Presiden Uli Hoeness mulai menangis ketika Ribery mencetak gol kandang terakhirnya. pic.twitter.com/uZpohBvwhA
— Bayern mania (@Bayern_mania) 18 Mei 2019
Bayern memenangkan gelar Bundesliga ketujuh berturut-turut musim ini, menjadikan Ribéry pemain Bundesliga yang paling berprestasi dengan sembilan gelar Trofi kejuaraan– sebuah pencapaian luar biasa yang hanya diketahui oleh segelintir orang di Prancis. Beberapa publikasi online Prancis memberikan penghormatan atas pencapaian Ribéry di Bayern – terutama SoFoot.com dan L’Equipe.fr – namun sebagian besar publikasi arus utama tidak memberikan penghormatan. Ribéry tidak ditemukan di halaman depan L’Equipe, dan le 20h—program berita pukul 8 malam yang ditonton orang Prancis sambil makan bersama keluarga—tidak memuat satu pun segmen tentang dirinya. Jika ada pemain Prancis lain yang melakukan hal serupa seperti dia, sambutannya akan jauh lebih hangat.

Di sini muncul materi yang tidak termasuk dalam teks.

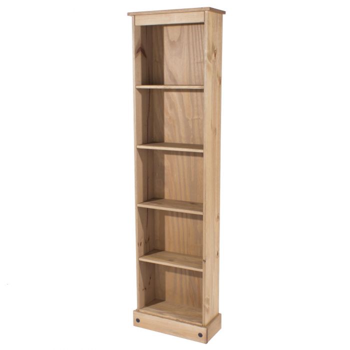Mexi Tall Narrow Bookcase from the Mex collection. Crafted from waxed solid wood finish enhanced with plinths and optional pin detailing. This practical Mex tall narrow bookcase features three adjustable and one fixed shelf.

Setelah final Piala Jerman, di mana Bayern mengalahkan RB Leipzig 3-0, dengan Ribéry bermain di menit-menit terakhir, dia resmi selesai bersama klub. Namun dia sudah mengumumkan bahwa dia belum pensiun. Namun ketika dia akhirnya gantung sepatu, dia tidak akan menghabiskan masa pensiunnya di Prancis, dan hal ini tidak mengejutkan siapa pun.
“Saya mungkin akan bermain satu atau dua tahun lagi, tapi kemudian saya akan kembali ke Munich,” katanya. “Saya 100% yakin akan hal itu. Saya dan keluarga saya merasa sangat betah di sini.”